Provided records: Begin
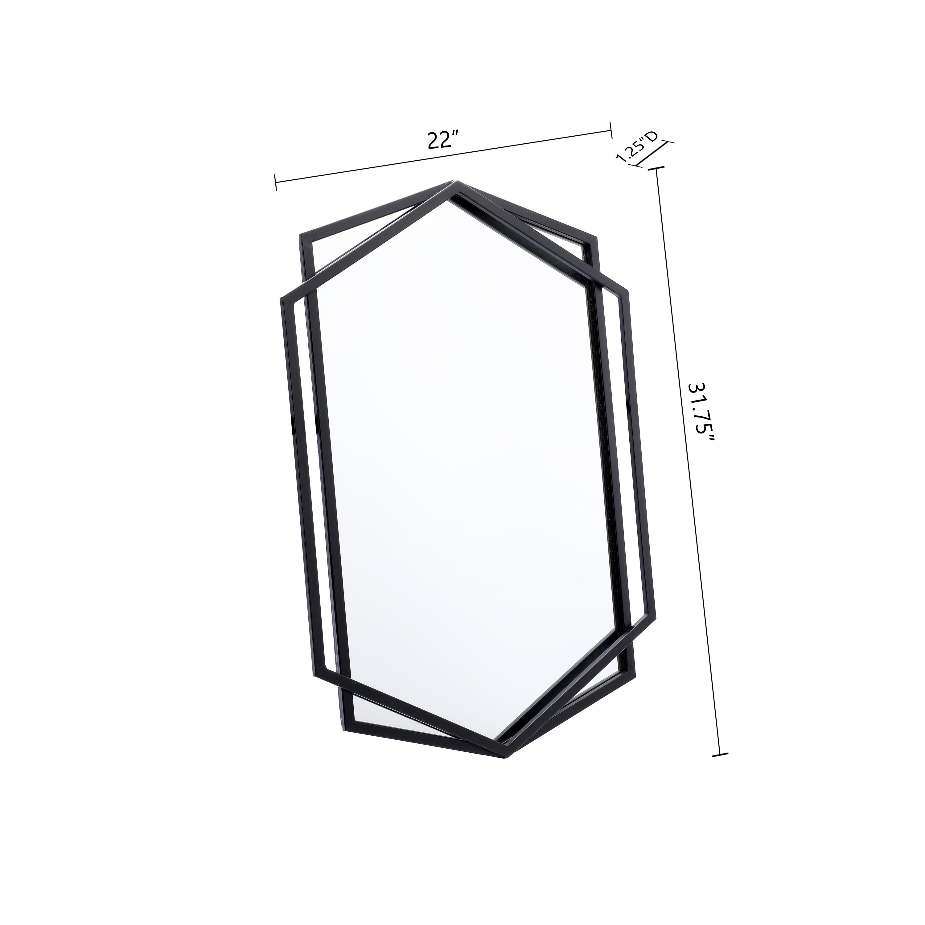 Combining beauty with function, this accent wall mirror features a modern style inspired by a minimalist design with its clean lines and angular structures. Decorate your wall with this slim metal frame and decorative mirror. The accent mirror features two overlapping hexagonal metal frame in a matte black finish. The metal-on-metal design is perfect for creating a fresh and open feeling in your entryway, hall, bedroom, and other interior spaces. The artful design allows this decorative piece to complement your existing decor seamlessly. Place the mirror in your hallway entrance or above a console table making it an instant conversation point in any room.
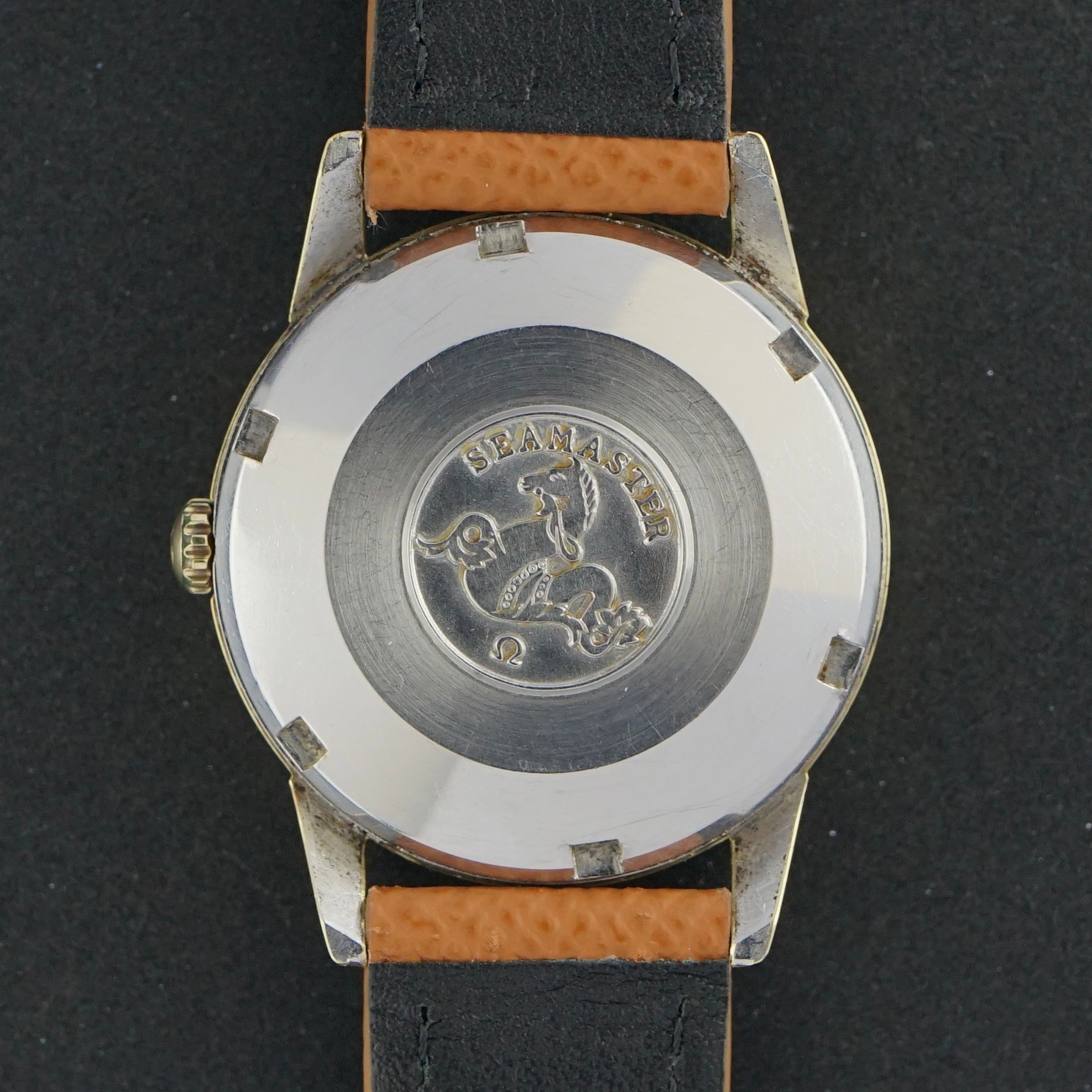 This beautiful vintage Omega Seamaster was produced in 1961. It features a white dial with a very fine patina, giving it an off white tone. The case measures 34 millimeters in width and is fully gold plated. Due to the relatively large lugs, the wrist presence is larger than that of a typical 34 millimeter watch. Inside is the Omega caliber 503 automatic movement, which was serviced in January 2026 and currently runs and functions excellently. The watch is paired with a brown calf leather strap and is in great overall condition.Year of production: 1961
Provided records: End
Provided records: Begin
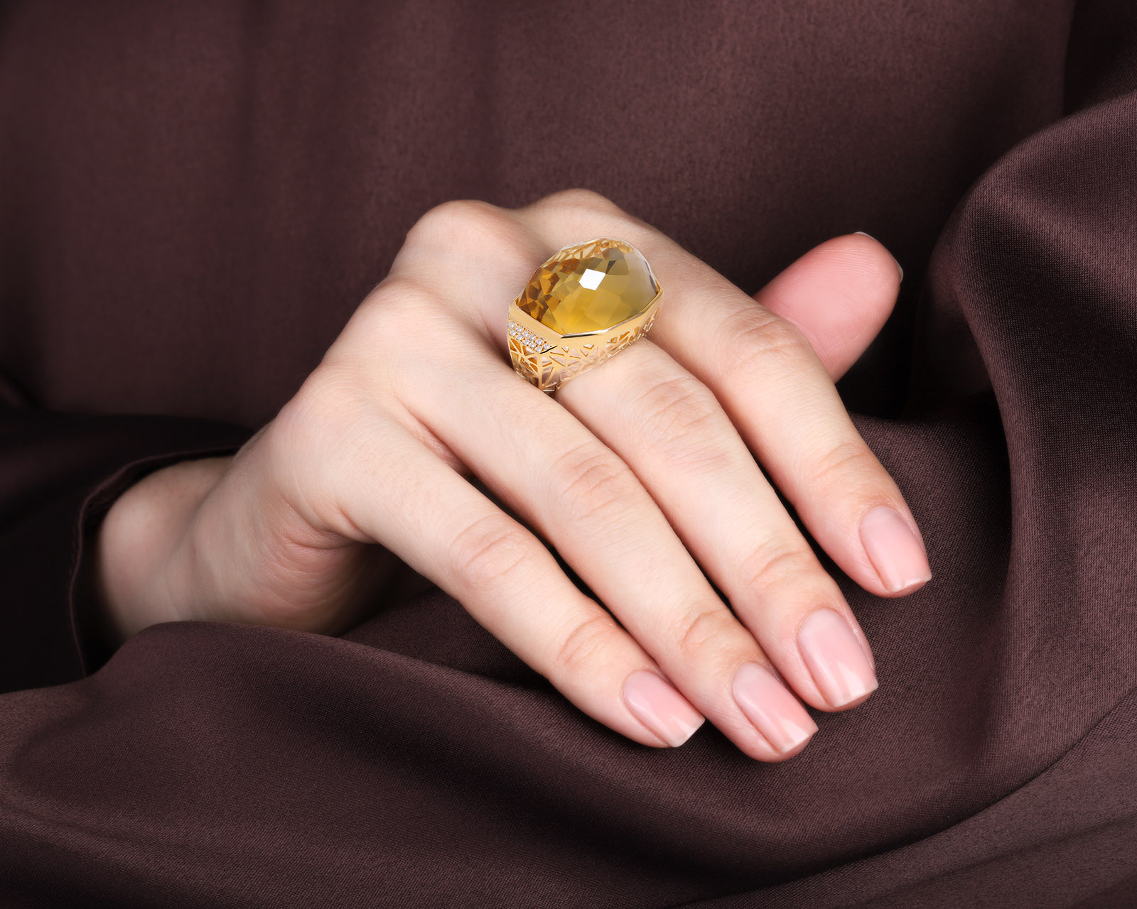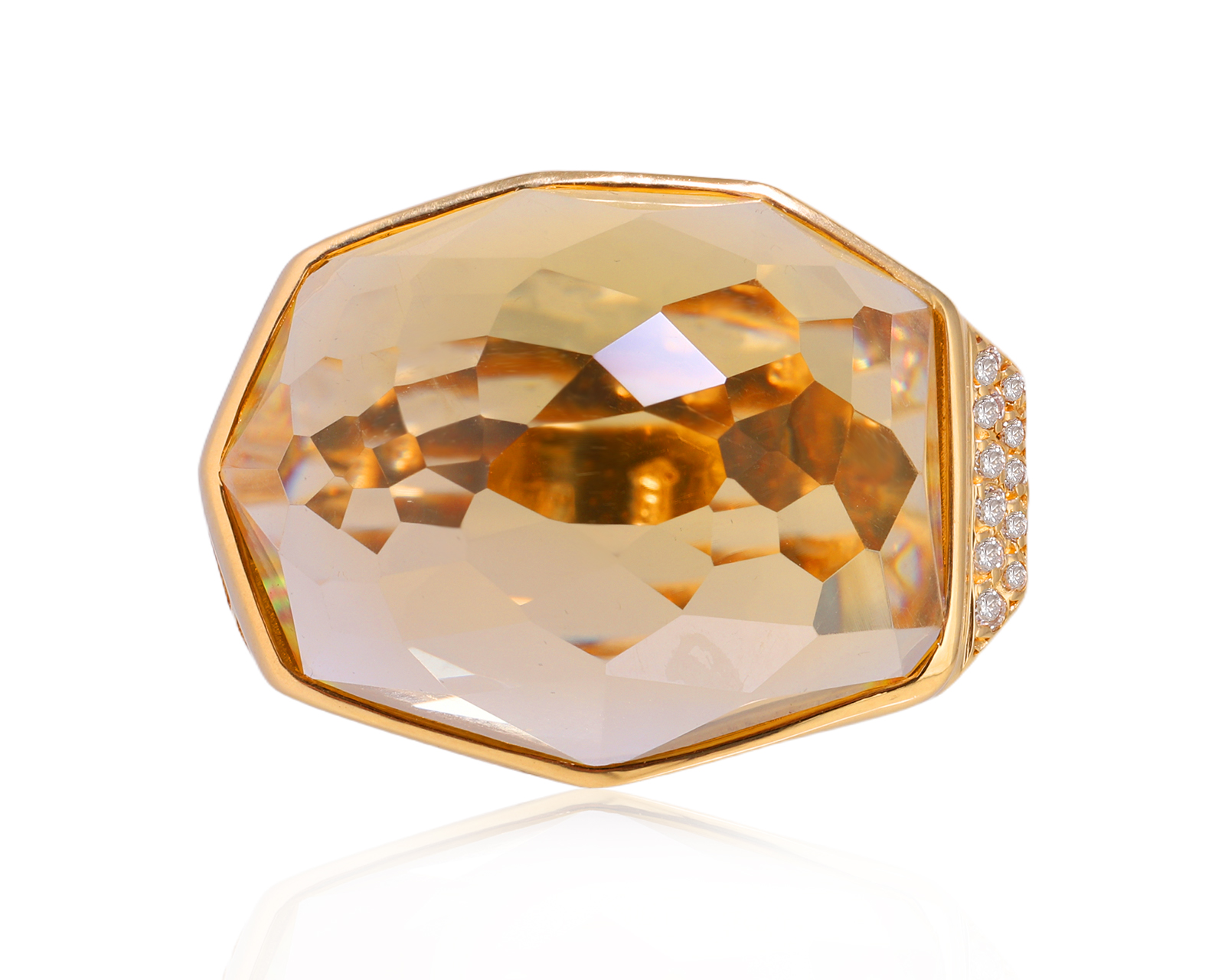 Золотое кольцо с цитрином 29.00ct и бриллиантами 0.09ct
Provided records: End
▶ **What you should do**: Using the listing above, repeat word for word each line from the one with "Combining beauty with" down to the one with "This beautiful vintage", both included. Omit all pictures.

▶ **Completed exercise**:
 Combining beauty with function, this accent wall mirror features a modern style inspired by a minimalist design with its clean lines and angular structures. Decorate your wall with this slim metal frame and decorative mirror. The accent mirror features two overlapping hexagonal metal frame in a matte black finish. The metal-on-metal design is perfect for creating a fresh and open feeling in your entryway, hall, bedroom, and other interior spaces. The artful design allows this decorative piece to complement your existing decor seamlessly. Place the mirror in your hallway entrance or above a console table making it an instant conversation point in any room.
 This beautiful vintage Omega Seamaster was produced in 1961. It features a white dial with a very fine patina, giving it an off white tone. The case measures 34 millimeters in width and is fully gold plated. Due to the relatively large lugs, the wrist presence is larger than that of a typical 34 millimeter watch. Inside is the Omega caliber 503 automatic movement, which was serviced in January 2026 and currently runs and functions excellently. The watch is paired with a brown calf leather strap and is in great overall condition.Year of production: 1961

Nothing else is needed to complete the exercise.